Are two matrices similar if and only if they have the same Jordan Canonical form?

Does the Jordan form have to have ordered eigenvalues?

For example, if $\lambda_1$ and $\lambda_2$ are eigenvalues of $A$, are $\begin{pmatrix}\lambda_1&0\\0&\lambda_2\end{pmatrix}$ and $\begin{pmatrix}\lambda_2&0\\0&\lambda_1\end{pmatrix}$ both Jordan forms of $A$?

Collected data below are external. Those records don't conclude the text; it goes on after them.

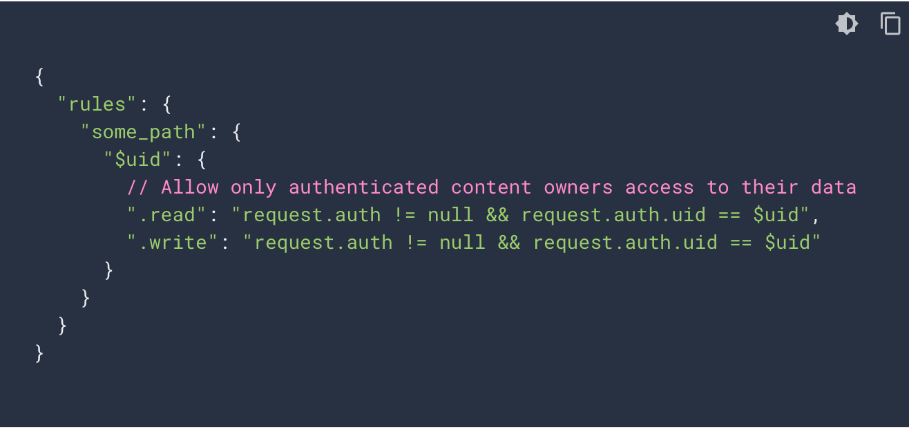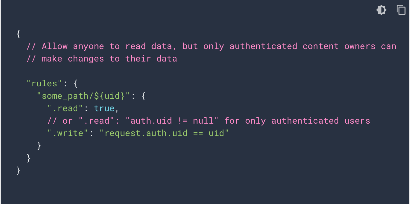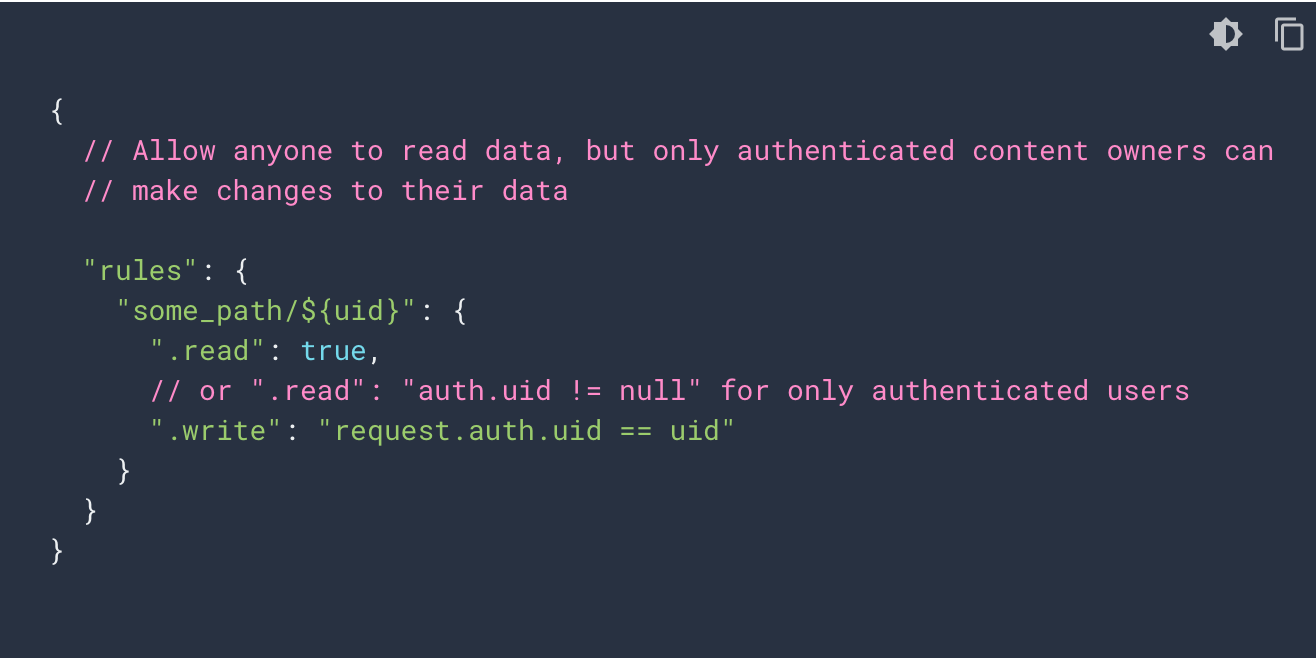 Firebase Documentationに記載されていたルールをいくつかまとめておきます。
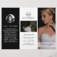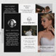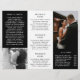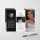 Modern fotografisk tri-fold-broschyr som visar dina favoritfoton i en elegant svart-vit design. Frampanelen har ett foto som sträcker sig ända ut till kanterna tillsammans med två textrader över ett genomskinligt band längst ner. Den yttre bakpanelen har din företagslogotyp och en textrad ovanför ett horisontellt foto och din kontaktinformation nedanför. Lägg till ditt porträtt och din biografi på panelen som kommer att vikas in i broschyren. Insidan har en bild på vänster- och högerpanelen tillsammans med en mall för information till vänster, dina paket i mitten och en à la carte-prislista på den högra panelen. Denna professionella tri-fold-broschyr är perfekt för en bröllopsfotograf.
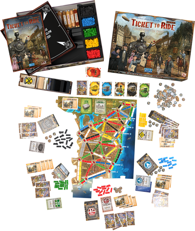 Ticket to Ride® Legacy: Legends of the West finally gives you the chance to step into the story of your favorite train game and explore the imagination of Rob Daviau, Matt Leacock and Alan R. Moon. You will embark on a journey across twelve games, managing your own North American railway company to wealth and fortune in a campaign full of adventures.

  • $\begingroup$ The Jordan normal form exists for complex matrices (or more generally matrices over an algebraically closed field). The eigenvalues of a complex matrix are complex numbers, and there is no natural "order" on $\mathbb C$, so your second question doesn't really make sense. $\endgroup$
    – krm2233
    Commented Apr 12, 2023 at 18:04
  • $\begingroup$ You can order complex numbers, if it's just about order and addition doesn't matter. Put a+bi in a tuple (a,b) and order it. So one could agree on a "canonical" Jordan form for convenience. $\endgroup$
    – Gere
    Commented Apr 25 at 9:35

2 Answers 2

  • Up to arbitrary ordering of Jordan blocks, yes
  • No
  • Yes
  • $\begingroup$ Thanks! That really cleared my problem up! $\endgroup$ Commented Nov 11, 2014 at 22:30

The eigenvalues need not be ordered. You can conjugate a diagonal matrix by a permutation matrix to put them in any order.